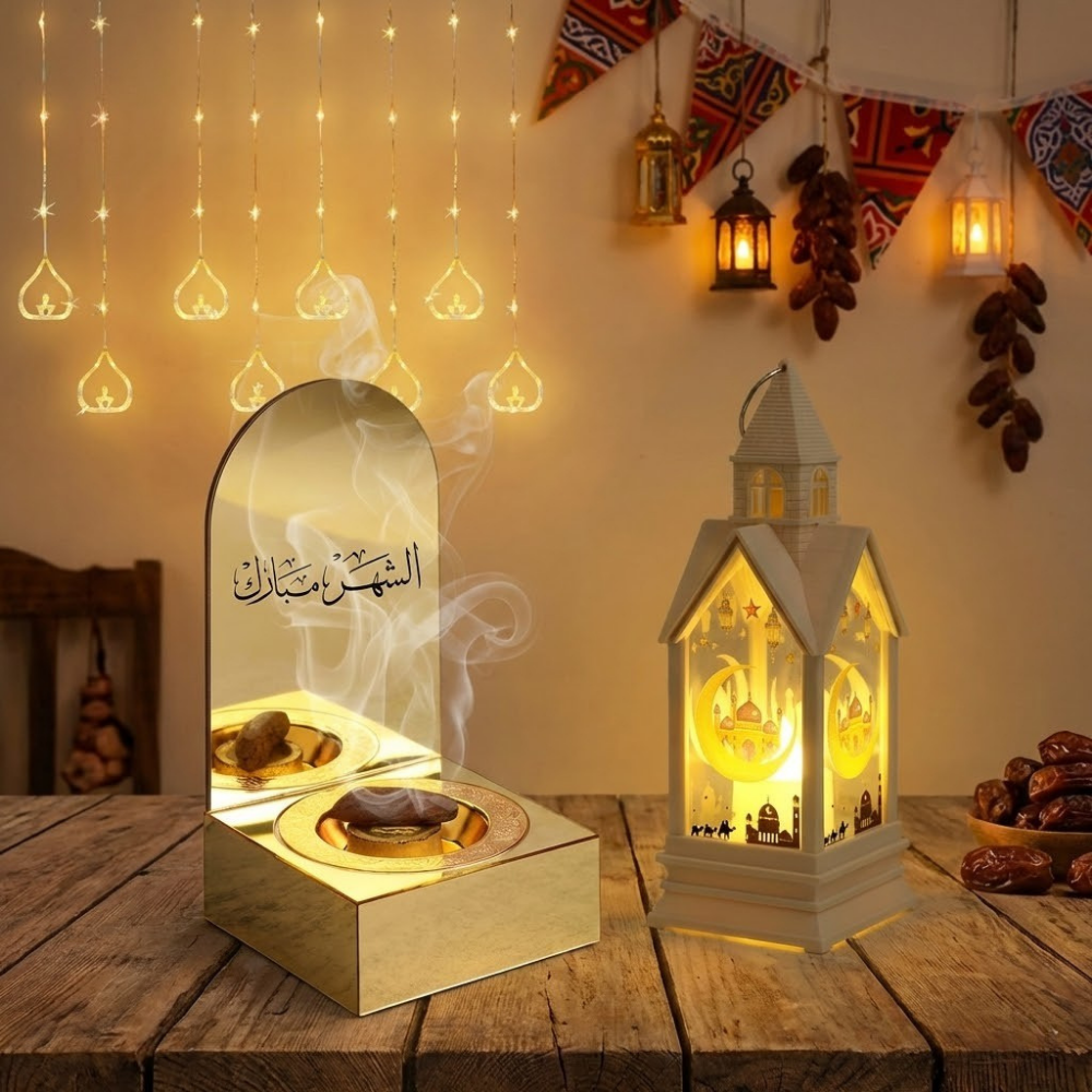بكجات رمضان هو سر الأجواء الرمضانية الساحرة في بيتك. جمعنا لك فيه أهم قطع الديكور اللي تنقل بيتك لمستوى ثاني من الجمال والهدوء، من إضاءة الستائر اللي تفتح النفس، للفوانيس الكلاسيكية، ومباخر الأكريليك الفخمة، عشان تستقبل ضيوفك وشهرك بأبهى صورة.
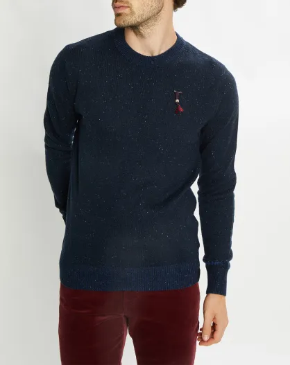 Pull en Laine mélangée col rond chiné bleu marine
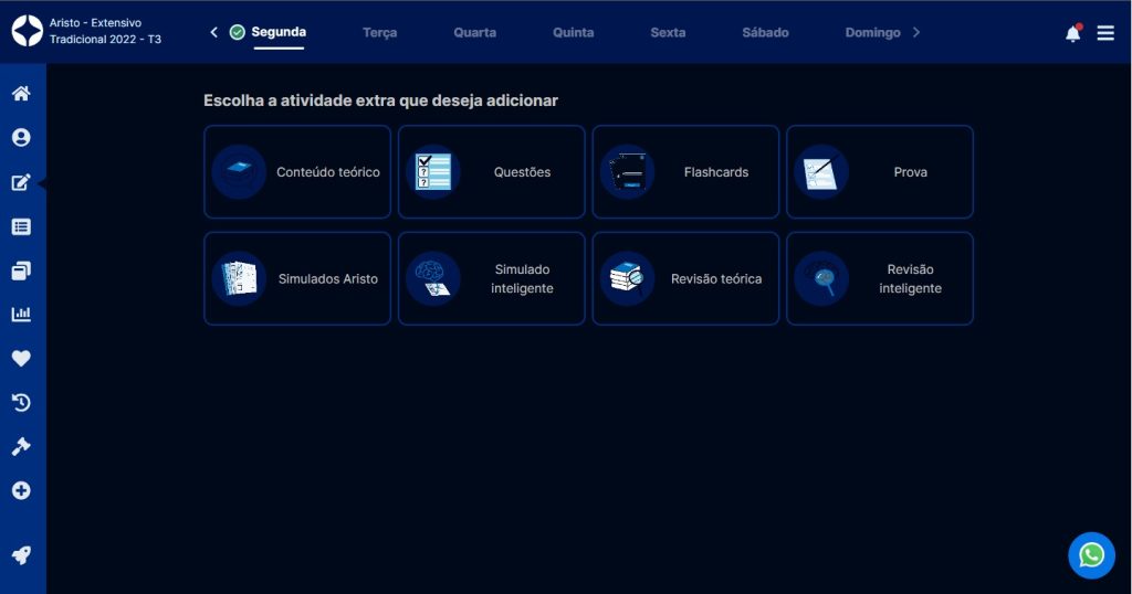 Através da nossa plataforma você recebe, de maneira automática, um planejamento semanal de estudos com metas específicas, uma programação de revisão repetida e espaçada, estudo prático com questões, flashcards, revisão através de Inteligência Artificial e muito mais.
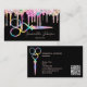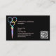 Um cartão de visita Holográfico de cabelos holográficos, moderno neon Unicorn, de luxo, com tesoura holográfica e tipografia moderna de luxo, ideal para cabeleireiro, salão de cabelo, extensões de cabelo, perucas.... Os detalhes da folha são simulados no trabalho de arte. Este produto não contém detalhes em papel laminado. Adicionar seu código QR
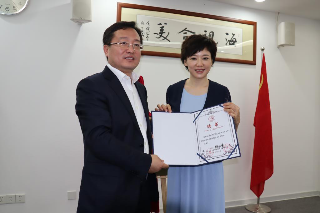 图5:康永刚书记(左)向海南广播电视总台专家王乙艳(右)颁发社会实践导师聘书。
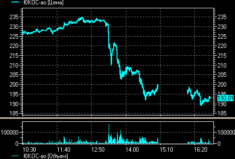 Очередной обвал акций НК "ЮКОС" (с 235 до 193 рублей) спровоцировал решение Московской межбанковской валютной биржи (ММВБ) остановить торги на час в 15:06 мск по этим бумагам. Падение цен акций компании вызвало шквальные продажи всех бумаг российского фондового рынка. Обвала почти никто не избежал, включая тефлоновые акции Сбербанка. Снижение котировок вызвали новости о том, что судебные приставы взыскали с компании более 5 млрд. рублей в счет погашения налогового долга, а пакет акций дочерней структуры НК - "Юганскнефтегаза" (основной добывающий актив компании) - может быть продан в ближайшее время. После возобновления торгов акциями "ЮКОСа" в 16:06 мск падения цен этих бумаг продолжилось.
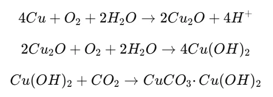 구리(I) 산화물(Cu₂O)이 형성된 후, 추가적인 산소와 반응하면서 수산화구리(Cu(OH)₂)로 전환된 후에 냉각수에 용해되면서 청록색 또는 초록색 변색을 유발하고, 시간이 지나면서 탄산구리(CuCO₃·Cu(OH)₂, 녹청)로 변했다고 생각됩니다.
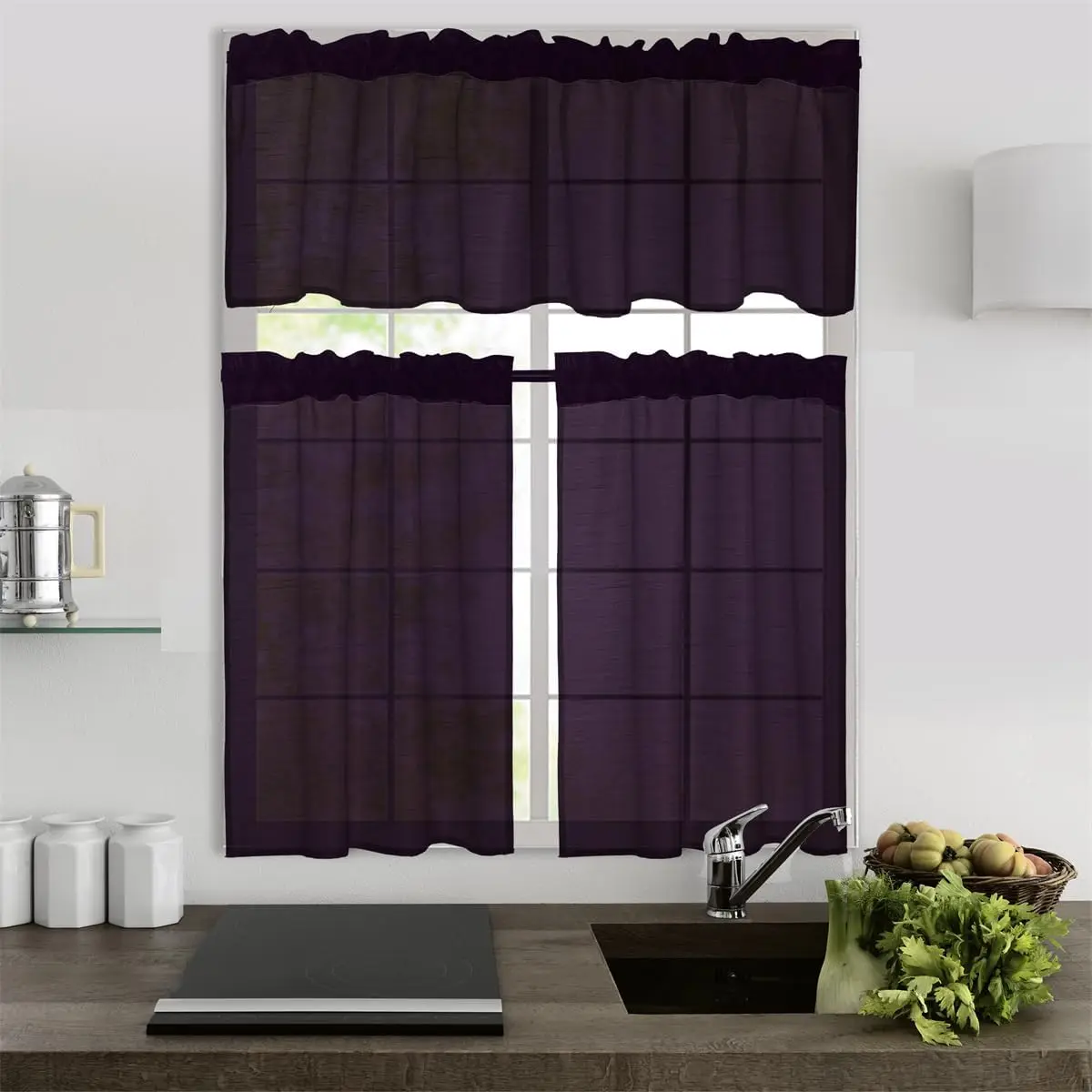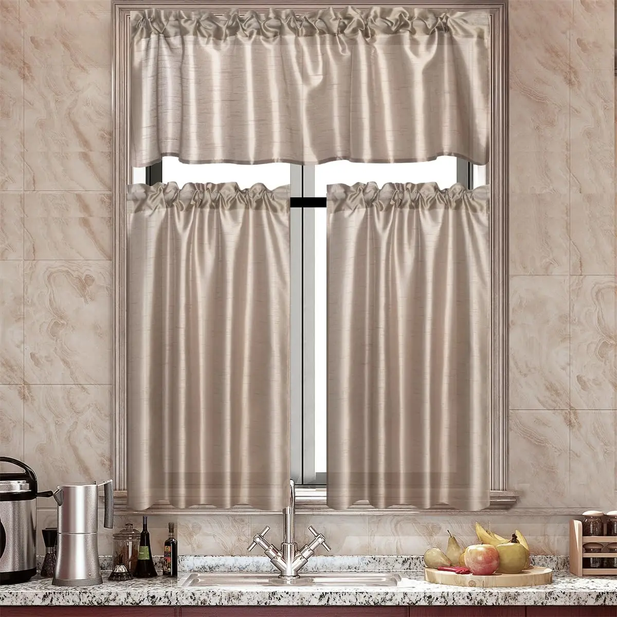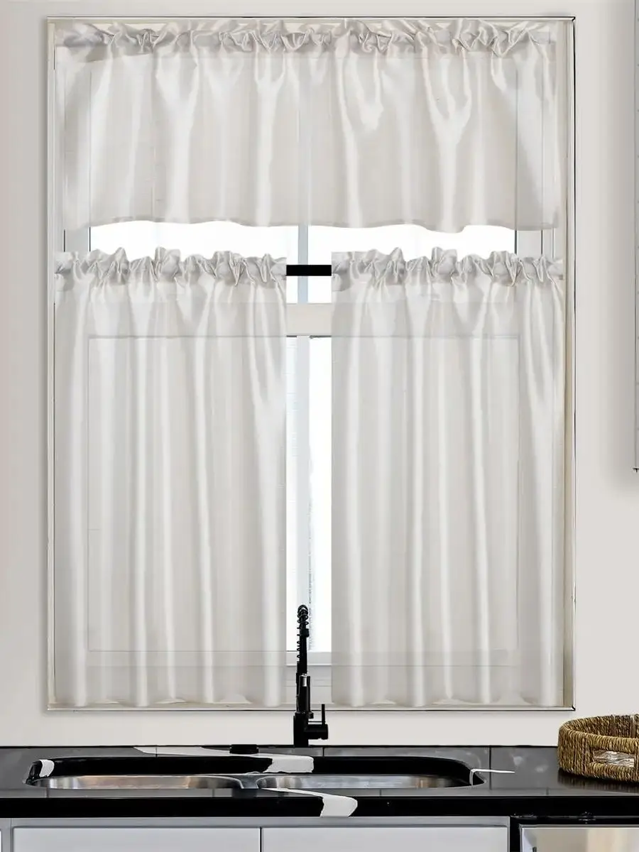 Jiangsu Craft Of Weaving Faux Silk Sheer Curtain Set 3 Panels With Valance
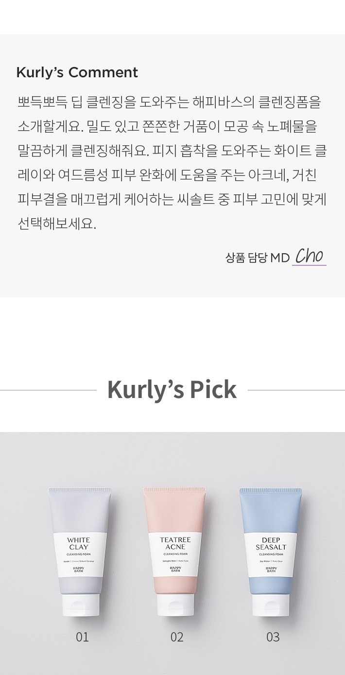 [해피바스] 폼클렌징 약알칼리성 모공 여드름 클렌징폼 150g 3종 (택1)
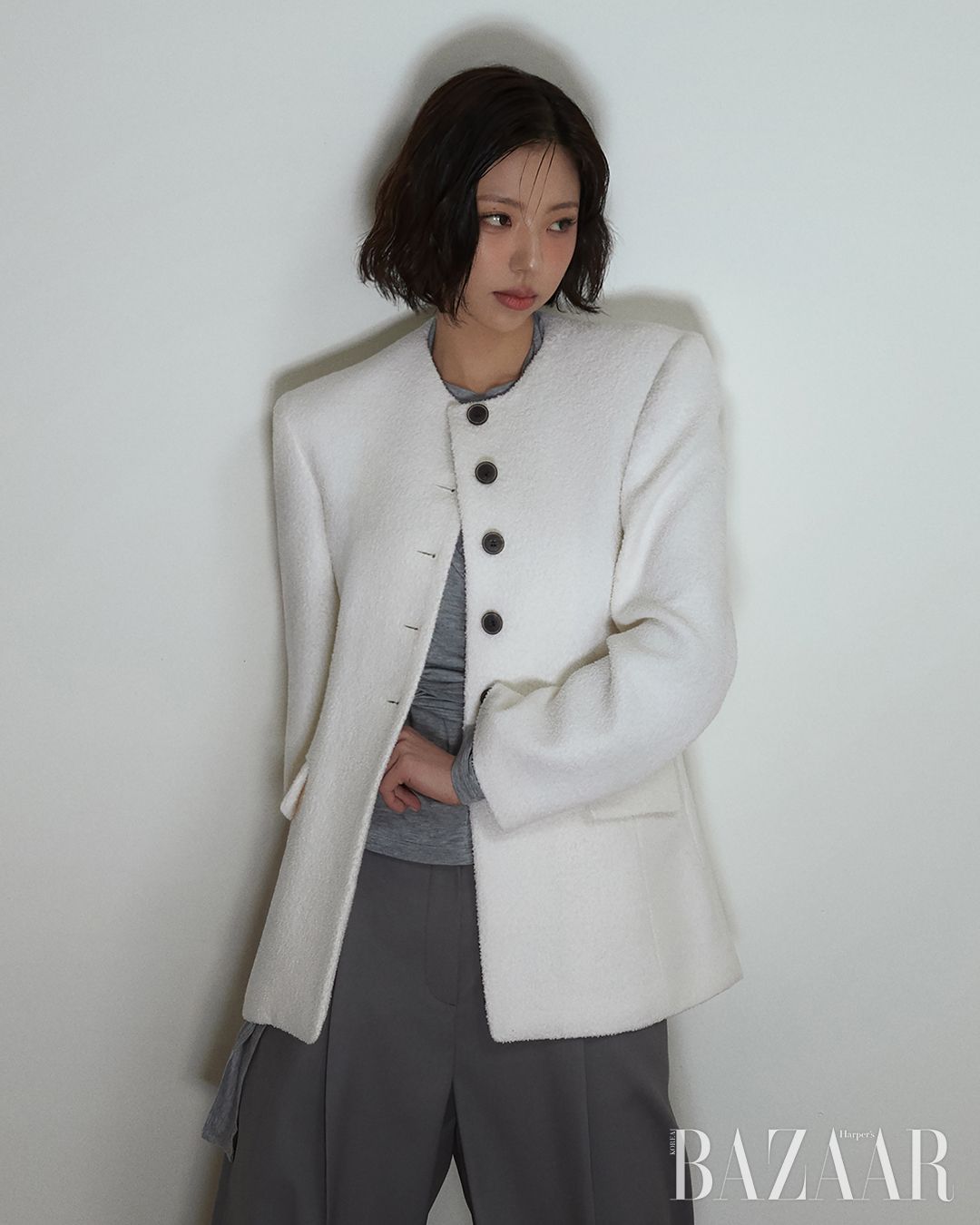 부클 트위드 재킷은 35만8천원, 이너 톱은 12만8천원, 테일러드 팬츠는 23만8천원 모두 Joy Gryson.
□ □ □
AIM OF THE TASK: Begin at the line in the entries above that has "Um cartão de", stop after the line that has "图5:康永刚书记(左)向海南广播电视总台专家王乙艳(右)颁发社会实践导师聘书。", and output exactly those lines without pictures.

SOLUTION:
 Um cartão de visita Holográfico de cabelos holográficos, moderno neon Unicorn, de luxo, com tesoura holográfica e tipografia moderna de luxo, ideal para cabeleireiro, salão de cabelo, extensões de cabelo, perucas.... Os detalhes da folha são simulados no trabalho de arte. Este produto não contém detalhes em papel laminado. Adicionar seu código QR
 图5:康永刚书记(左)向海南广播电视总台专家王乙艳(右)颁发社会实践导师聘书。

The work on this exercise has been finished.